On Nov. 9, 2009, Pinkham’s daughter was born. Much to his relief, she weighed six pounds, 7 ounces and was not opiate addicted.
“That was one of the hardest times of my life,” he said. “Waiting and hoping she was OK.”
LOSING IT ALL, FINDING HIMSELF
Pinkham currently lives with his parents in Brandon and is working hard to stay clean. He doesn’t have a job or a car, two things he is working toward.
“I lost it all,” he said. “Everything I ever had, I sold. I lost my soul, my self-worth, my self-respect, my respect for others. I just didn’t care.”
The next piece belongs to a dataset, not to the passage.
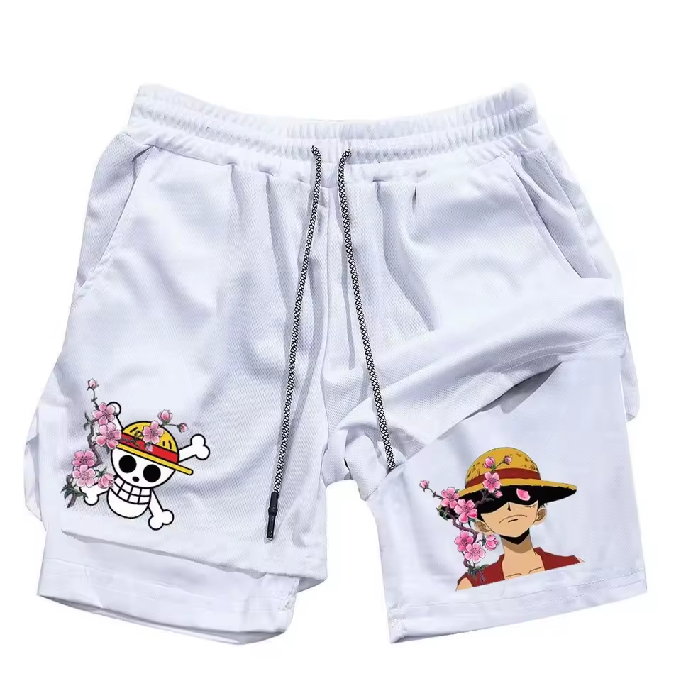 Short Compressão 2 em 1 Dry-Fit Arte Luffy Gear 5 Zoro Roronoa Arte Anime One Piece Mode Fitness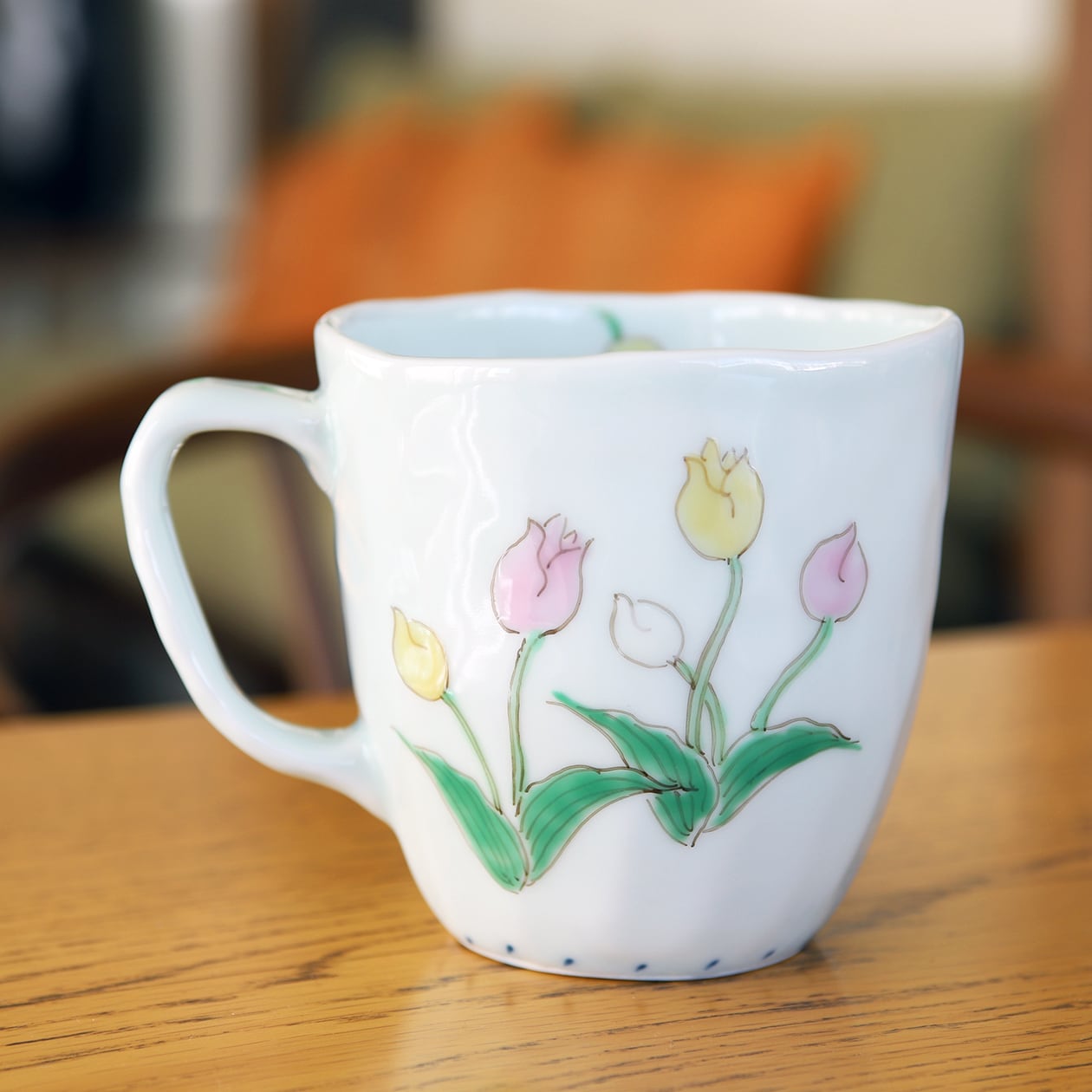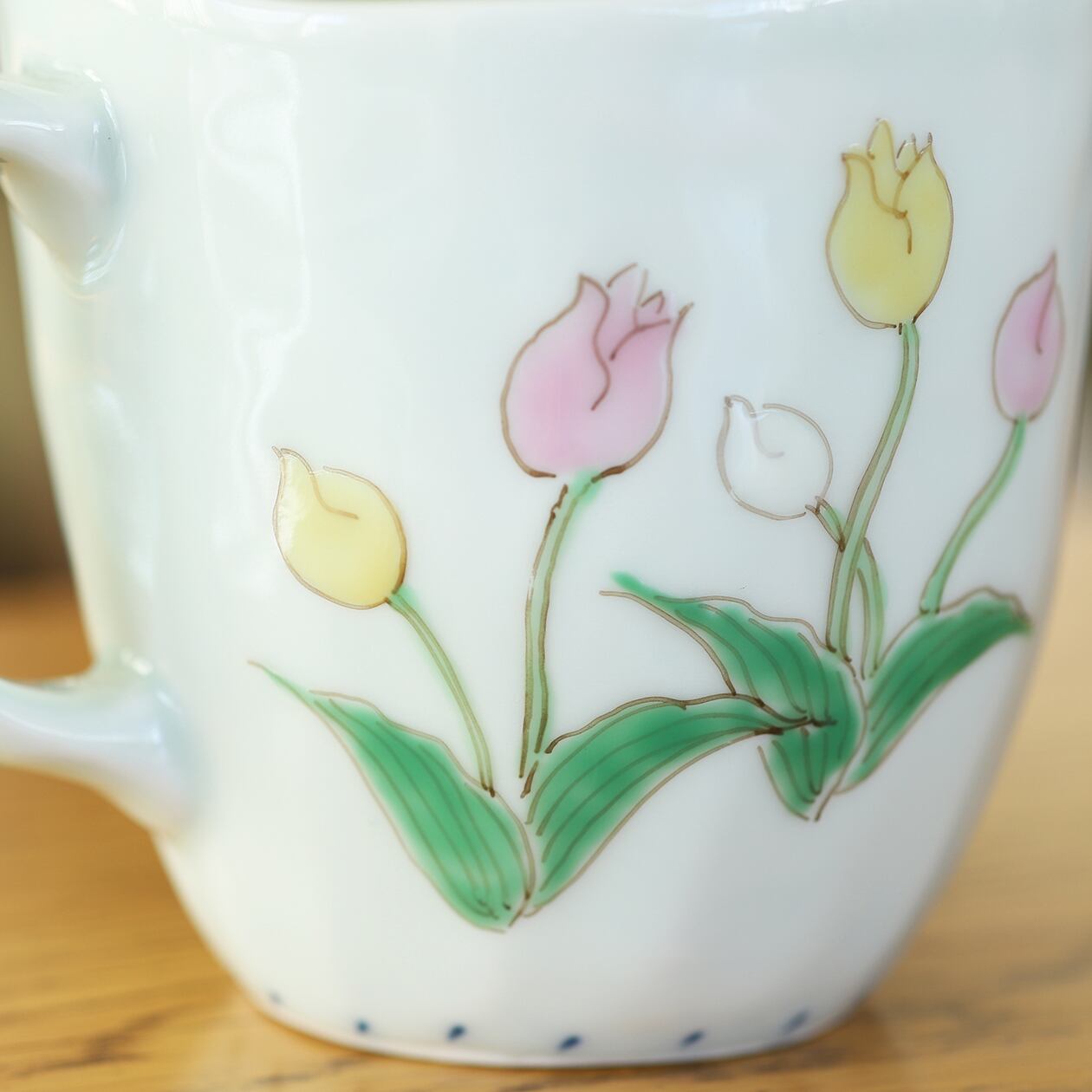ピンク、白、黄色のチューリップが描かれたこのデザインは、春の柔らかな雰囲気を器に閉じ込めたような愛らしさがあります。それぞれの花は丁寧に描かれ、鮮やかな色彩がまるで本物のチューリップのように生き生きとした印象を与えています。

His daughter will turn five soon. Although the relationship with her mother did not last, he has an amicable arrangement with his ex and has his daughter three days a week. She is his pride and joy, one of the few good things Pinkham said he has to show for his life.
“In any treatment program, they say you have to do it for yourself, but if I didn’t have my daughter, I would not have kept trying to get clean,” Pinkham said. “I would have given up.”
Pinkham has lost a lot, but the thing that may pain him most is that he is losing his teeth. All of his teeth. His drug use has caused some of his teeth to fall out and many others are rotting from the inside, out. He doesn’t smile, and there is a long list of things he can’t eat.
“I need dentures,” he said ruefully. “The day I get dentures will feel like the first times I used. It will be euphoria. I will be bawling my eyes out. It keeps me down mentally.”
A job, a car, new teeth. It’s a short, important list, and Christmas is coming. Pinkham wants to be a productive member of society again, and his involvement with Brandon Cares is helping him do that.
“It helps, talking to people,” he said. “It helps me feel important and maybe I can turn this negative into a positive.”
LEAVING BRANDON
Eventually, Pinkham wants to leave Brandon and move north to live closer to his daughter. To him, Brandon isn’t a quaint Vermont town, it’s one big trigger.
“I know that drugs are everywhere, but this is the town where I did most of my using and I feel like I’m in a rut here,” Pinkham said. “I’m consumed with triggers. I need a new start, and things don’t change here.”
That’s where Brandon Cares comes in, trying to effect change on the local drug front, helping hometown addicts like Pinkham stay clean. He said something has to be done.
“It’s going to take everybody first realizing the problem so we’re not in denial,” he said. “It can’t be hush-hush anymore.”